Tensor object discovery training killed, hunger resource?

This question was partially asked here and here without further action, so maybe this is not a meeting place to ask this question, but I found out a little more information that I hope to get an answer to these questions.

I am trying to train object_detection in my own library of about 1k photos. I used the provided pipeline configuration file "ssd_inception_v2_pets.config". I guess I set up the training data correctly. It seems that the program will begin to train just fine. When he was unable to read the data, he received a warning with an error, and I fixed it.

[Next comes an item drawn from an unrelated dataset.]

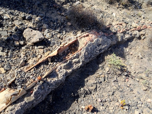 En esta nueva ocasión quiso acompañados nuestro amigo Juan Leiva, gran conocedor de esta sierra y que estaba especialmente interesado en saber que había de cierto sobre el hecho de que el agua que utilizaban en el complejo minero la traían desde la fuente de la “Mesa Contrata” a través de unos rústicos canales hechos de arcilla cocida, salvando numerosos desniveles de la accidentada orografía de la sierra de Gádor. Juan Leiva nos decía que había encontrado algunos restos de la canalilla que le evidenciaban que su existencia era una realidad.

My train_config settings are as follows, although I changed a few numbers to try to run it with fewer resources.

train_config: {
  batch_size: 1000 #also tried 1, 10, and 100
  optimizer {
    rms_prop_optimizer: {
      learning_rate: {
        exponential_decay_learning_rate {
          initial_learning_rate: 0.04  # also tried .004
          decay_steps: 800 # also tried 800720. 80072
          decay_factor: 0.95
        }
      }
      momentum_optimizer_value: 0.9
      decay: 0.9
      epsilon: 1.0
    }
  }
  fine_tune_checkpoint: "~/Downloads/ssd_inception_v2_coco_11_06_2017/model.ckpt" #using inception checkpoint
  from_detection_checkpoint: true
  data_augmentation_options {
    random_horizontal_flip {
    }
  }
  data_augmentation_options {
    ssd_random_crop {
    }
  }
}

Basically, I think that it happens that the computer quickly gets the resource, and I wonder if someone has an optimization that takes more time to build but uses less resources?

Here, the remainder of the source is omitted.